Although the Khan’s have seven children, only six are present in the play, Mr Khan announces that Nadir, their eldest son, is dead to him, after running away just before going through with an arranged marriage; oh the shame this brought to Mr Khan! The other six children (5 sons and 1 daughter) mostly mock their father and his ways, yet are truly terrified in his presence.
Adam Karim as Sajid, the youngest son, hides from the drama of their unusual family under his large parka; Karim does a remarkably good job of maintaining his twitch throughout the play and very impressively is able to put on a very truthful and believeable performance beneath his hood.
Although times have now changed, cultures have not and this play not only beautifully portrays the difficulties of growing up in a multi-cultural family but the hardships of family life in general.

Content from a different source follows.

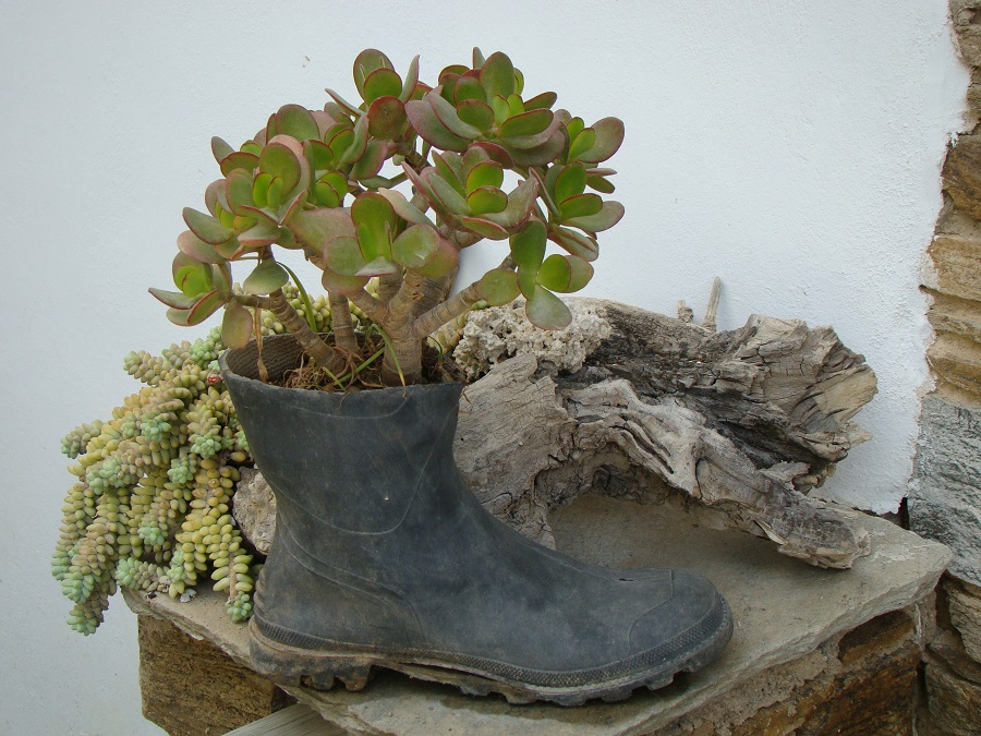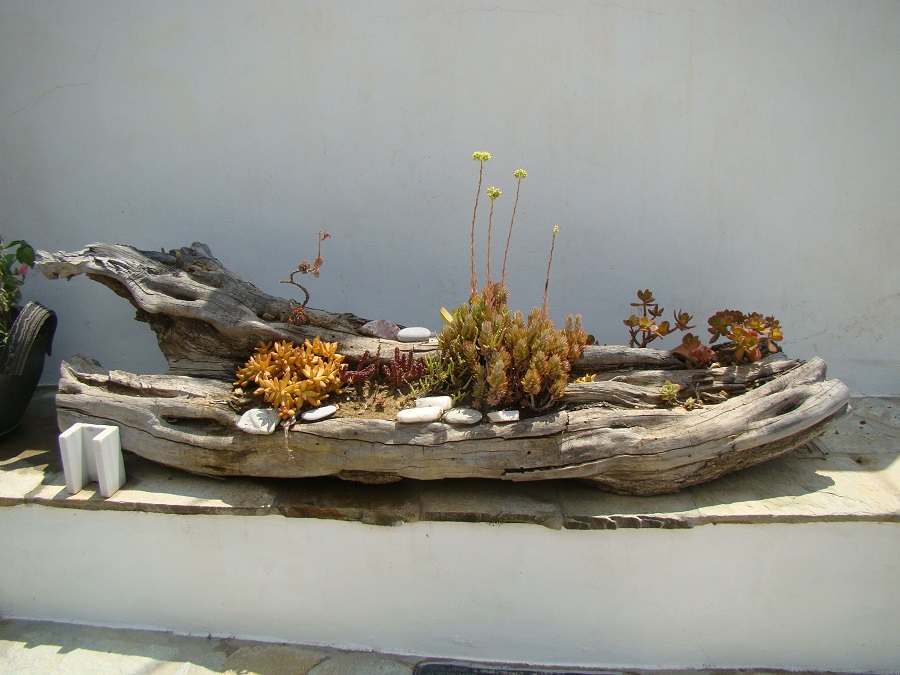 Αν νομίζεις πως εκεί τέλειωσαν οι εκπλήξεις είσαι γελασμένος! Η επόμενη έκπληξη είναι μια παλιά γαλότσα-γλάστρα! Και μετά δεκάδες πέτρες με μικρά κοιλώματα-γλάστρες. Και ένα ζεμπίλι-γλάστρα! Και μια κουφάλα ενός κορμού-γλάστρα.

There are elements in this play which everyone can relate to, thanks to the dynamic, energetic and passionate performance the cast provides the audience with.
Director Sam Yates is definitely one to watch in the theatre world; his interpretation of the play is mind-stimulating and poignant, yet belly-achingly funny. Definitely a production worth seeing.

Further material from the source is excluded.